While Chapter 10 discusses the relatively new phenomenon of the Multi-Door Court House as an alternative to the shortcomings in our traditional civil justice delivery system, Chapter 11 (which  ought to have followed Chapter 9 given the similarity of their subject-matter) focuses on judicial recruitment, tenure and removal. It considers applicable precepts and provisions, such as the Latimer House Principles and the 1999 Constitution.

The grandly titled Chapter 12 (“The Legal Profession”) could not have been otherwise. It’s remit is obvious, but so is its scope. Indeed, it could be a book all by itself, as it traces the history of the legal profession in Nigeria: including the outlines of legal education (the Law School, applicable legal provisions and organs, the Call to Bar) the Body of Benchers’ Privilege within the Bar, Sanctions for professional negligence, the Attorney-General of the Federation and of the States, Notaries Public, Professional Ethics, etc.

The focus of Chapter 13 is the adjectival law applicable in civil matters, that is, civil procedure. It is as comprehensive as can be, and outlines the sources of Civil Procedure; Parties; Jurisdiction; Form and Commencement of Action in the High Court; Service of Originating Processes; Appearance; Pleadings; Proceedings at the Trial; Joinder of Causes of Action, etc.

Chapter 14 is similar – albeit in relation to Criminal matters. It is also comprehensive, as it takes in everything from Pre-trial Investigation, Classification of Offences; the Administration of Criminal Justice Act (ACJA) 2015 and its goals; and the rights of suspects. While many of its provisions are not new, in many respects, however, ACJA is revolutionary and ground-breaking, particularly in its provision for plea bargain, non-custodial sentences and the like.

The subject of Chapter 15 is Legal Aid. This is obviously critical, as it is the law’s response to the challenge of indigent suspects and defendants. The relevant laws and structures (Legal Aid Council Act and the Legal Aid Council) are reviewed, and their evolution is x-rayed.

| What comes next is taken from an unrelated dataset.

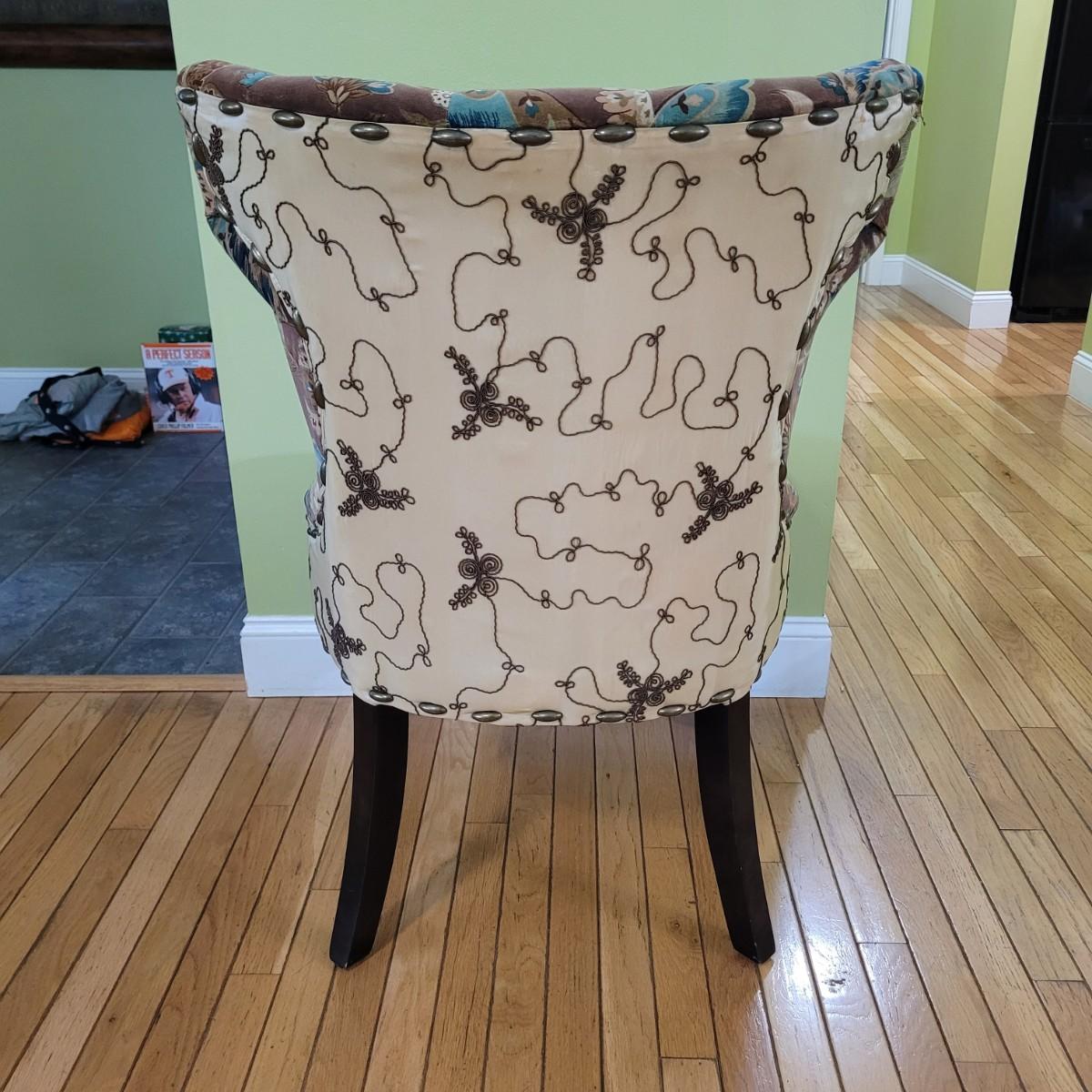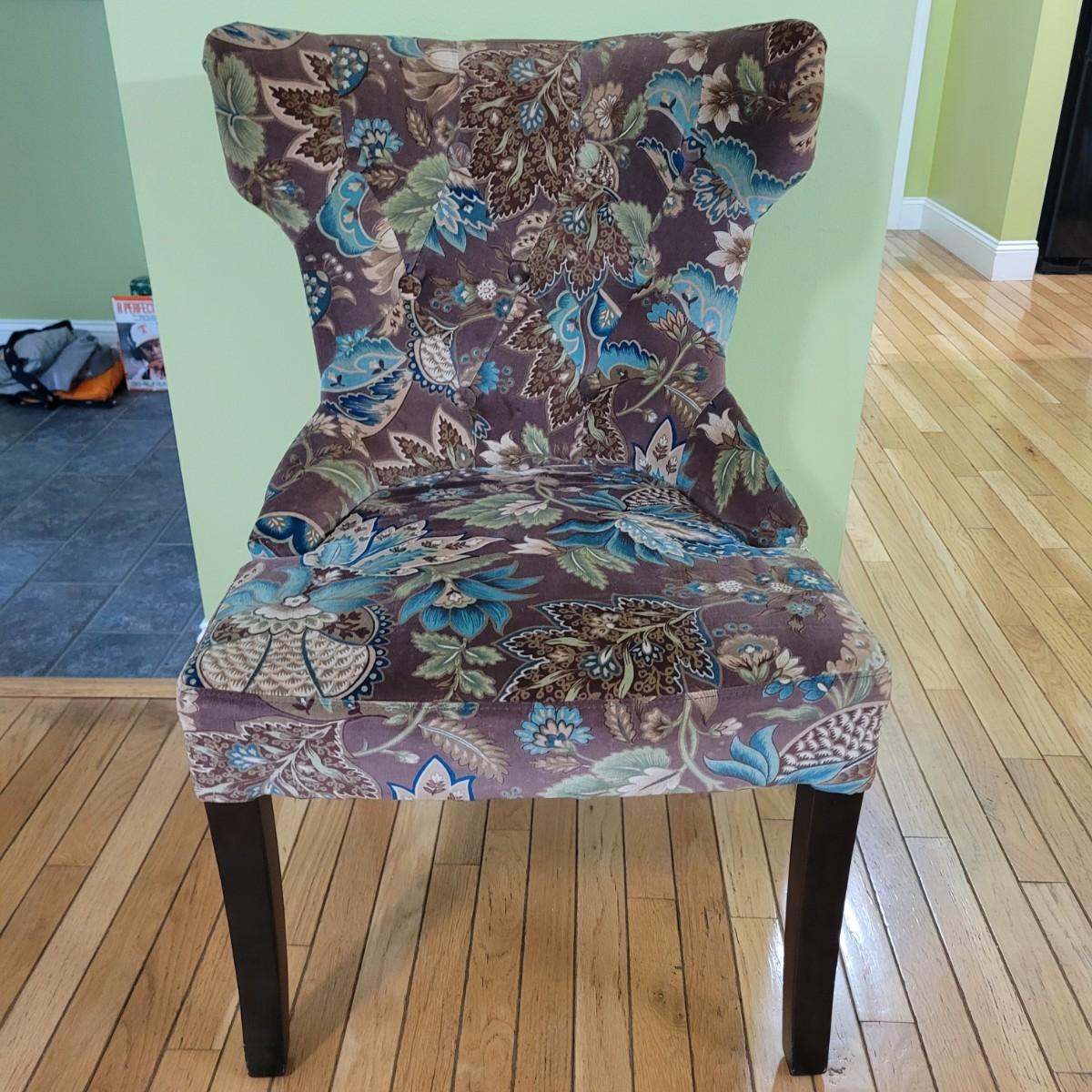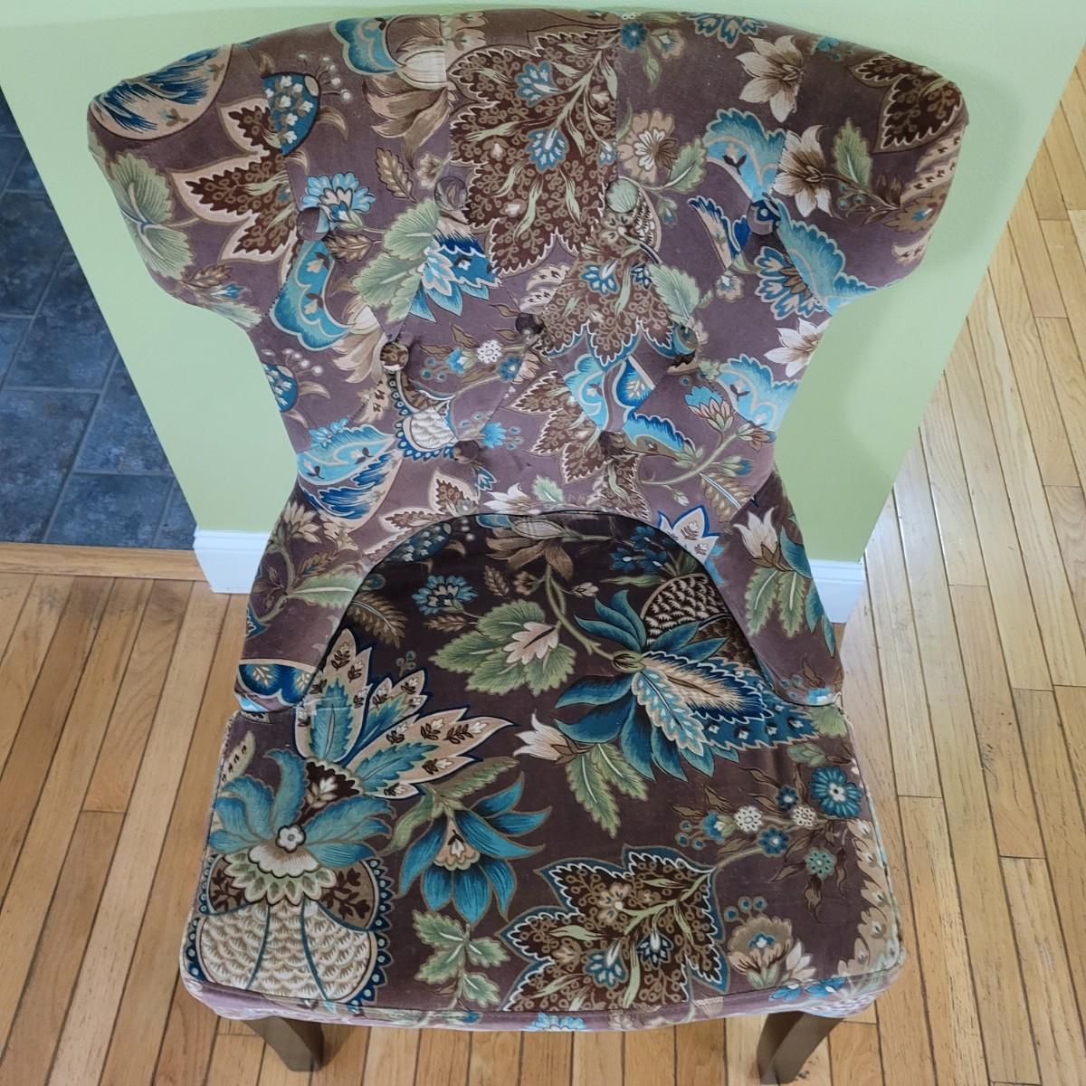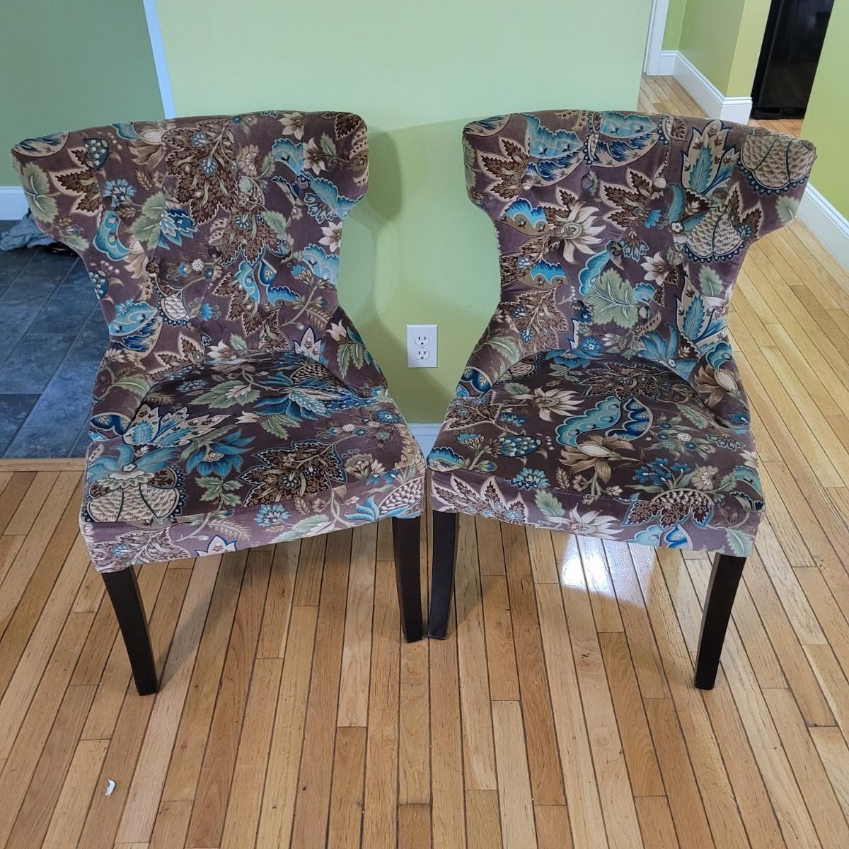 This lot includes two matching velvet accent chairs in a wingback style. Both chairs feature a floral print on velvet style upholstery with a solid wood body and metal accents. The backside features a contrasting fabric. Individually, the chairs measure 22" x 25" x 36"H with a 19"H seat height. Both chairs appear to be gently used with little to no signs of wear.

The book closes with Chapter 16, which discusses the practitioner’s indispensable tool: Law Reports. This is the record of the decisions of our courts, and they serve as precedents being authoritative guides to subsequent similar cases. They make or mar many a case, and no serious law library is complete without a comprehensive up-to-date set (or sets!).

Conclusion

The foregoing is just the tip of the ice-berg of the landscape so, painstakingly and effortlessly painted by Prof Okonkwo in the book. I believe that, this alone ought to commend it, as it far surpasses its predecessors in scope, depth and content. The industry invested in producing it shines through, as it leaves no stone unturned. Every possible relevant field is touched – even if briefly – while managing to do justice to it. The book is simply outstanding, and it is no exaggeration to say that, it has covered the field of the Nigerian Legal System. To that extent, it is, possibly, the last word on the subject. To think that it is just the first volume, and that there is one more in the works! I can’t wait!